What are the means mentioned? If I look at 13.1 of this reference, I see that the THIRD_PARTY option
"MUST NOT be implemented or used" unless the network is trusted, and the example of trusted network
is the case where there's an ACL on PCP client/PCP server/network.
Can you be more explicit in your recommendations?
[Med] I made the following change :

OLD:

   This document defines a procedure to create PCP mappings for third

   party devices belonging to the same subscriber.  Means to prevent a

   malicious user from creating mappings on behalf of a third party must

   be enabled as discussed in Section 13.1 of [I-D.ietf-pcp-base<http://tools.ietf.org/html/draft-ietf-pcp-upnp-igd-interworking-08#ref-I-D.ietf-pcp-base>;].

NEW:

   This document defines a procedure to create PCP mappings for third
   party devices belonging to the same subscriber.  Means to prevent a
   malicious user from creating mappings on behalf of a third party must
   be enabled as discussed in Section 13.1 of [I-D.ietf-pcp-base].  In
   particular, THIRD_PARTY option MUST NOT be enabled unless the network
   on which the PCP messages are to be sent is fully trusted.  For
   example if access control lists are installed on the PCP client, PCP
   server, and the network between them, so those ACLs allow only
   communications from a trusted PCP client to the PCP server.

Better?


3- You reference [Sec-DCP] but do not provide the URL, nor version number. Since this is an external
document, it would be great.
Also, the one I found (http://upnp.org/specs/gw/UPnP-gw-DeviceProtection-v1-Service.pdf
accessible from page http://upnp.org/specs/gw/deviceprotection1/) is from Feb. 2011, not 2009.

[Med] Fixed.
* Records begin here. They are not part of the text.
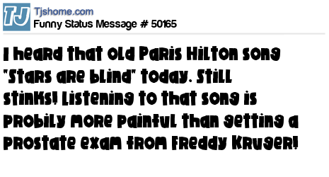 X I heard that old Paris Hilton song "Stars are blind" today. Still stinks! Listening to that song is probily more painful than getting a prostate exam from Freddy Kruger!
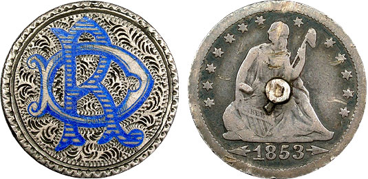 1853 25c US Seated Quarter Love Token Enameled – DR
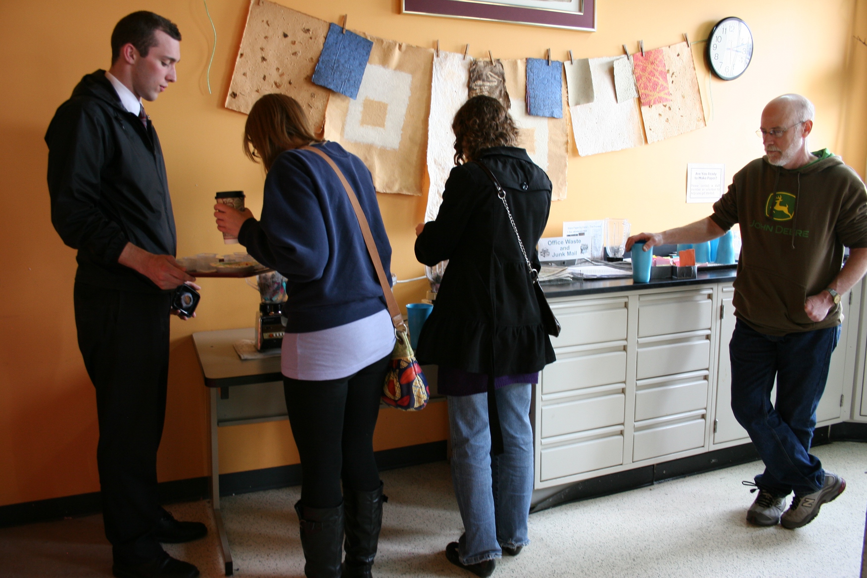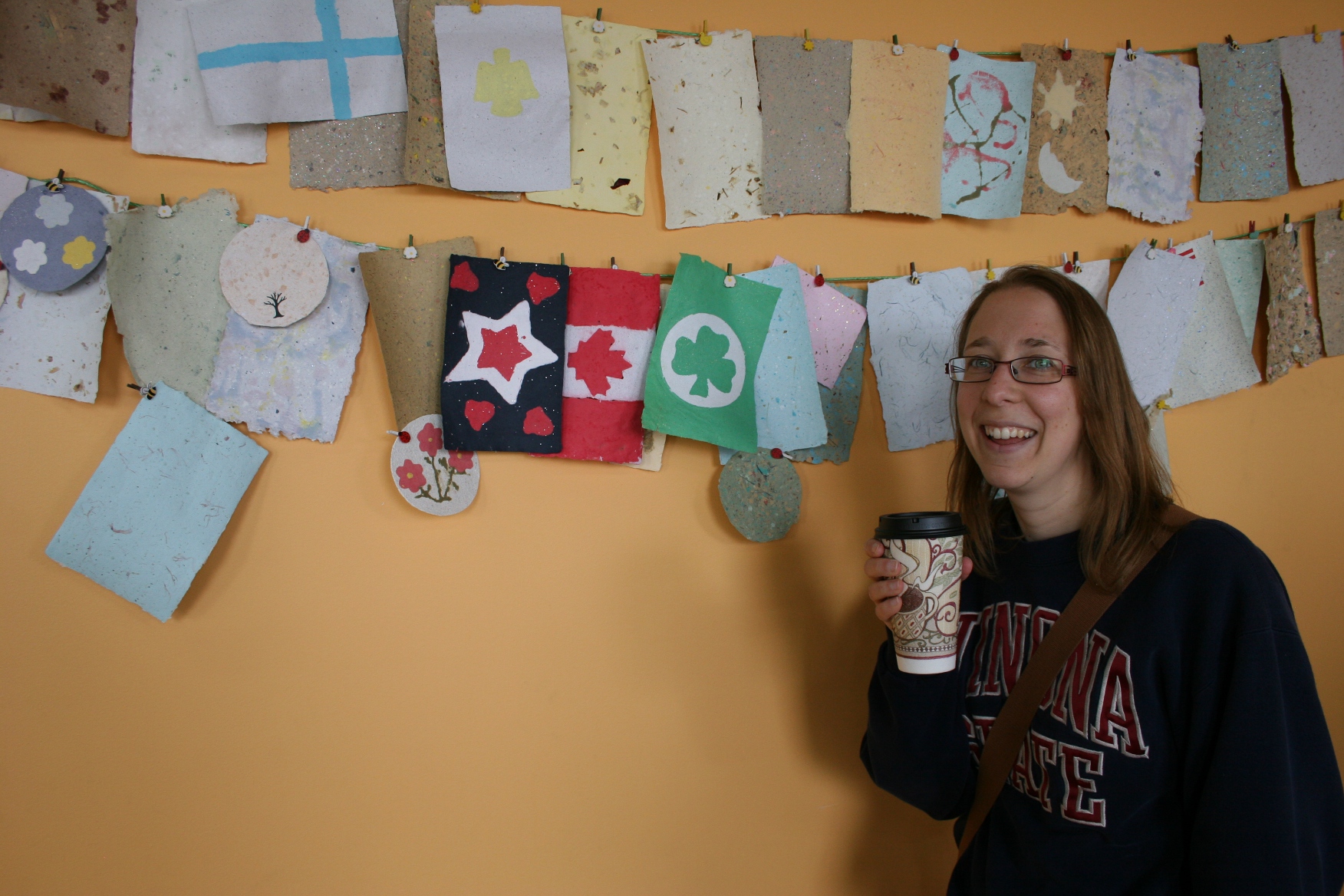 First, peruse the paper samples to determine what type of paper you would like to make. Ideally, you (your daughter) should drink your (her) coffee before coming to The Paper Discovery Center. But, if you (your daughter) are (is) fortunate enough, the nice lady at the front desk will allow you (your daughter) inside with your (her) coffee as long as you (she) promise (s) to keep a lid on it (the coffee cup, that is).
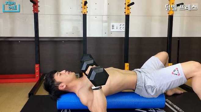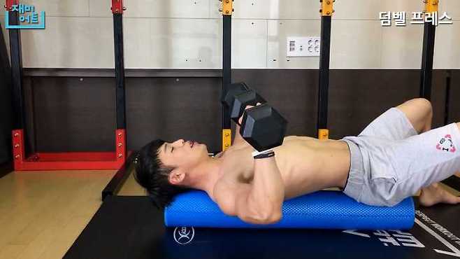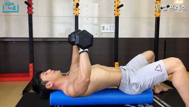 폼롤러 위에서 덤벨 프레스를 해주게 되면
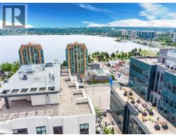 $1,278.81 MonthlyLakeview Condos Grand Penthouse in Downtown Barrie! Experience luxurious penthouse living in this spacious 2-bedroom + den, 2-bathroom condo with breathtaking, unobstructed west-facing views of Lake Simcoe and Kempenfelt Bay. Ideally located just steps to Barrie's vibrant downtown, waterfront trails, restaurants, and shops. This well-maintained, stylish suite features a bright, open-concept layout with soaring 10-foot ceilings and expansive floor-to-ceiling windows, complemented by custom blinds that flood the space with natural light. The great room opens onto a large, south-facing terrace, perfect for relaxing or entertaining, and there's a private balcony off the primary bedroom. The primary bedroom features a private three-piece ensuite that has been recently upgraded with a stylish walk-in shower, a new vanity, tiles, and fixtures. The modern kitchen offers newer Whirlpool stainless steel appliances, neutral-toned cabinetry, gleaming white quartz countertops, and a stylish backsplash. A gas hookup for a gas stove is available, and a water line to the fridge. Both bedrooms are generously sized, and the den offers a flexible space for work, a sofa bed for guests, or lounging. Enjoy the convenience of your own private in-suite laundry area with custom shelving. Storage is aplenty with a premium-sized extra-large storage locker and large closets within the unit. Year-to-date (2025) water and hydro costs are just $490.89; heated and cooled by a highly efficient and modern heat pump system. Enjoy the convenience of an owned underground parking space and the flexibility to store a bike in the shared bike room. The penthouses offer two large balconies ideal for quiet summer evenings or entertaining. Building amenities include a fitness centre, party room, and a common outdoor entertaining space on the third floor with a BBQ. Affordable luxury with stunning views in a prime location by Lake Simcoe, don't miss this rare offering! (id:50886)
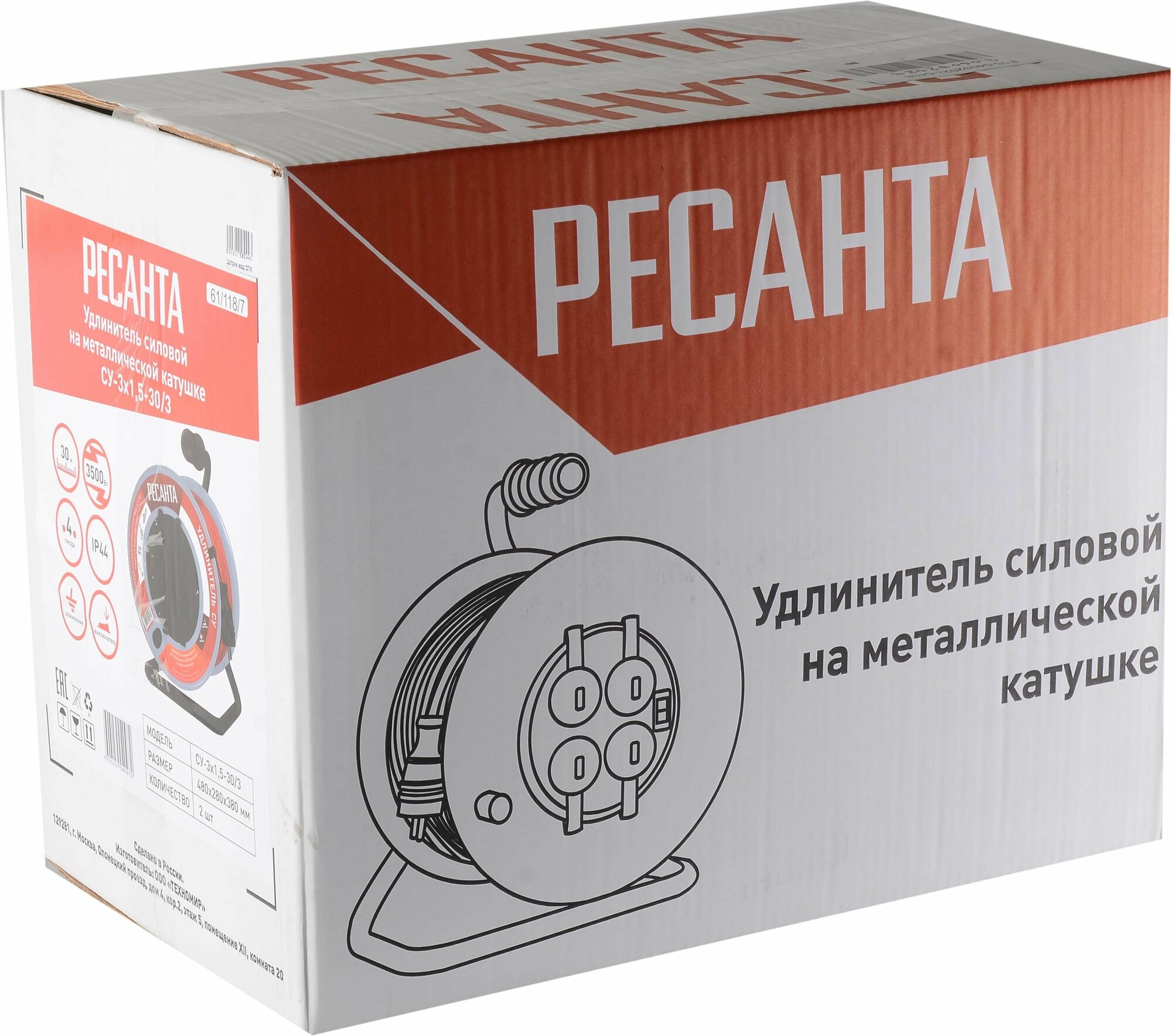 Удлинитель силовой на металлической катушке Ресанта СУ-3х1,5-30/3 (с выкл., 4 розетки, IP44)
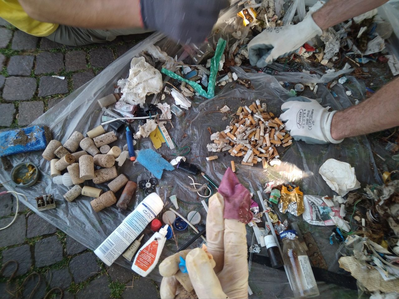 In circa un’ora sono stati ritrovati per lo più oggetti di plastica. Ma anche 500 mozziconi di sigaretta, 70 incarti di caramelle e merendine, più di 80 singoli pezzi di polistirolo. Molti erano così frammentati da risultare irrecuperabili. Inoltre almeno 100 frammenti plastici di varia natura, involucri plastici dei pacchetti di sigarette, stoviglie di plastica, cannucce. Dulcis in fundo escrementi di cane nel sacchetto, fili da pesca e bastoncini dei cotton-fioc.
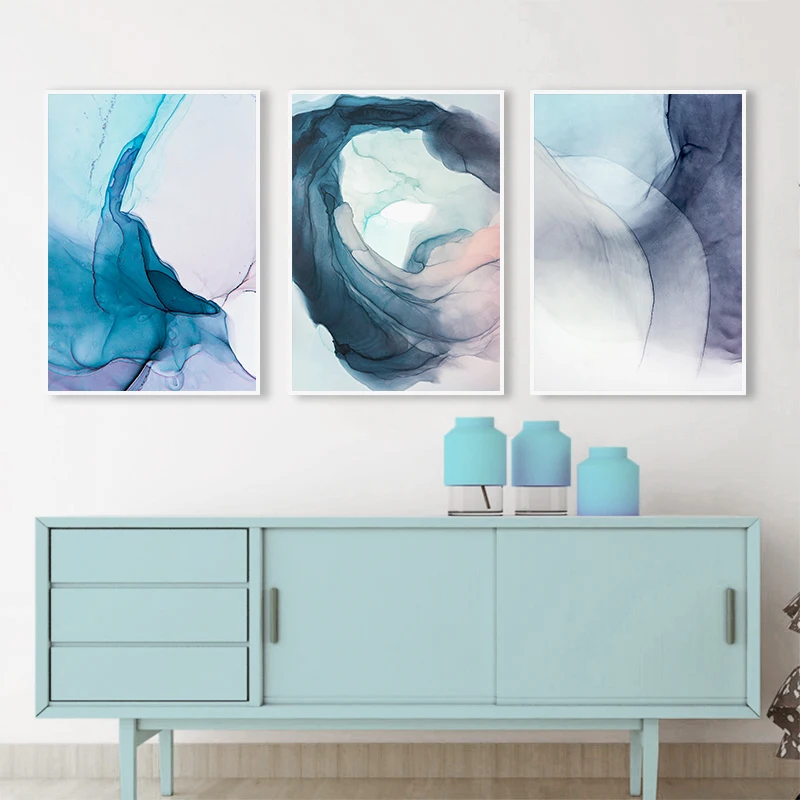 Современная Абстрактная Картина на холсте с акварельными синими чернилами, скандинавские плакаты и принты, настенные художественные картины для гостиной, домашний декор
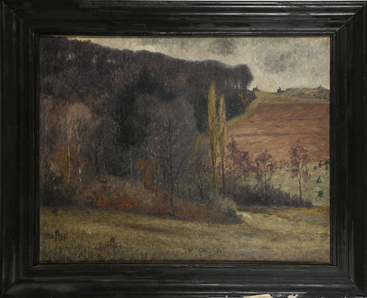 Herbsttonig gestimmte Ansicht des sanften Tales mit dichtem Wald und gepflügtem Acker. Zwei kleine restaurierte Stellen.
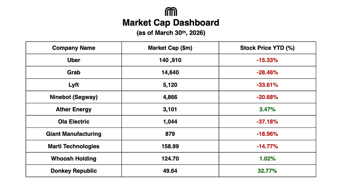 Heads up! Our podcast has a new dock on YouTube, Apple, and Spotify. Make sure to resubscribe so you don’t miss out. Stay Tuned!!! Market Cap DashboardDott Launches New Fleet in Bristol and BathDott is launching a new fleet of over 4k e-scooters and e-bikes across Bristol and Bath, marking another upgrade to the region’s shared mobility scheme. The rollout includes more than 3k e-scooters and 1k e-bikes, featuring improved comfort, safety, and performance. It also introduces a new blue branding, replacing earlier fleets from operators like Voi and Tier. Backed by a £5m investment, the expansion aims to improve accessibility, reduce improper parking, and extend services to more areas across the West of England. Just how popular are cargo bikes in Canada?Cargo bikes in Canada are gaining traction, but remain a niche segment compared to Europe. While the broader e-bike market is growing fast, cargo bikes are mainly used for business and logistics rather than everyday personal transport. Companies like FedEx have expanded cargo bike fleets in cities like Toronto and Vancouver, showing strong potential for last-mile delivery. However, adoption is limited by car-centric infrastructure, harsh weather, and regulatory challenges. Despite these barriers, the market is expected to grow, with cargo bikes positioned as a key future solution for urban deliveries and sustainable transport. Bird Canada Launches Scooters and Bikes in PentictonBird Canada is launching shared e-scooters and e-bikes in Penticton, with around 120 vehicles available from 30 March. The fleet is expected to expand to 300 scooters and 50 bikes, with designated parking hubs across the city. The initiative aims to improve local mobility while offering affordable ride options, including discounted access for select community groups. Penticton becomes the latest city in British Columbia to adopt shared micromobility, following launches in places like Vernon and Kamloops.
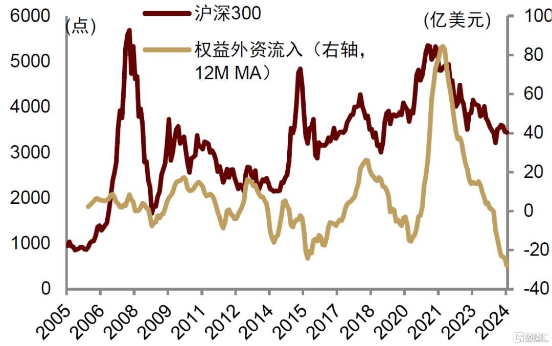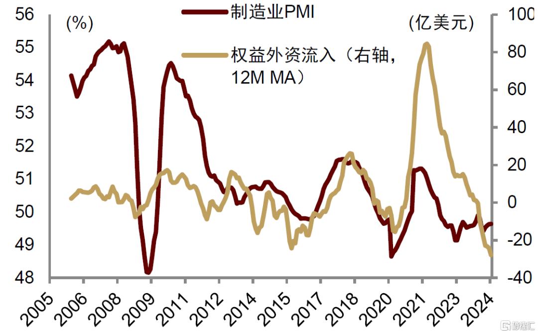 9月美联储大概率开启浅降息周期,流动性改善幅度恐有限,A股关键仍在国内基本面。一方面,美联储降息或边际改善当前权益市场外资流出趋势,但外资流入和国内市场关键仍在国内基本面和政策取向(图表17至图表18)。在当前经济慢复苏背景下,“现金牛+央国企”组合攻守兼备,享有更高的确定性溢价。另一方面,美国经济“软着陆”甚至“不着陆”利好国内外需敞口较高或增速较快的标的,其中可选消费、电信服务、能源资源等现金牛行业海外营收占比较高(图表20)。建议继续关注美国顺周期对A股的外溢和拉动,具体关注两条主线:1)反映家庭部门需求韧性的耐用品,如五金水暖、家具家居、家用设备等;2)反映设备投资和制造业周期的计算机电子设备、工业设备、化学制品、煤炭石油制品等。
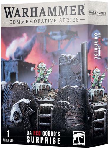Celebreer het seizoen van geven met deze zeer gulle Red Gobbo, klaar om wat "cadeautjes" te laten vallen op zijn favoriete Imperial burgers. Ontworpen als een miniatuur diorama, zullen fans van alle strepen genieten van dit zeer verzamelbare Warhammer Commemorative Series-model, alleen beschikbaar voor het vakantieseizoen van 2023. Dit meerdelige plastic kit bouwt Da Red Gobbos Surprise, met je favoriete ondeugende grot gezeten op een schilderachtige basis. Zijn tas met goodies staat open en enkele van zijn geschenken zijn uitgegleden - gelukkig, meer welkom dan de grote verrassing die hij staat te onthullen. Verpest zijn verrassing niet! Deze kit bestaat uit 9 plastic componenten en een Citadel 40 mm ronde basis. Deze miniatuur wordt ongeverfd geleverd en vereist montage - we raden aan om Citadel Plastic Lijm en Citadel Colour-verf te gebruiken.

Thanks.

4- I don't see any threat model in this Security Discussions section.
There's good one in [I-D.ietf-pcp-base], but this is a different protocol, deployed differently.
What can we say for the IWF itself?
[Med] This document does not define a new protocol. [I-D.ietf-pcp-base] discusses security considerations without any assumption on how PCP messages are triggered: user interface, application, etc. This document focuses on the particular case where PCP messages are triggered by IGD ones. As such this document does not change the threat model discussed in the base PCP specification. For the UPnP IGD leg, we provided some security recommendations defined by the UPnP Forum.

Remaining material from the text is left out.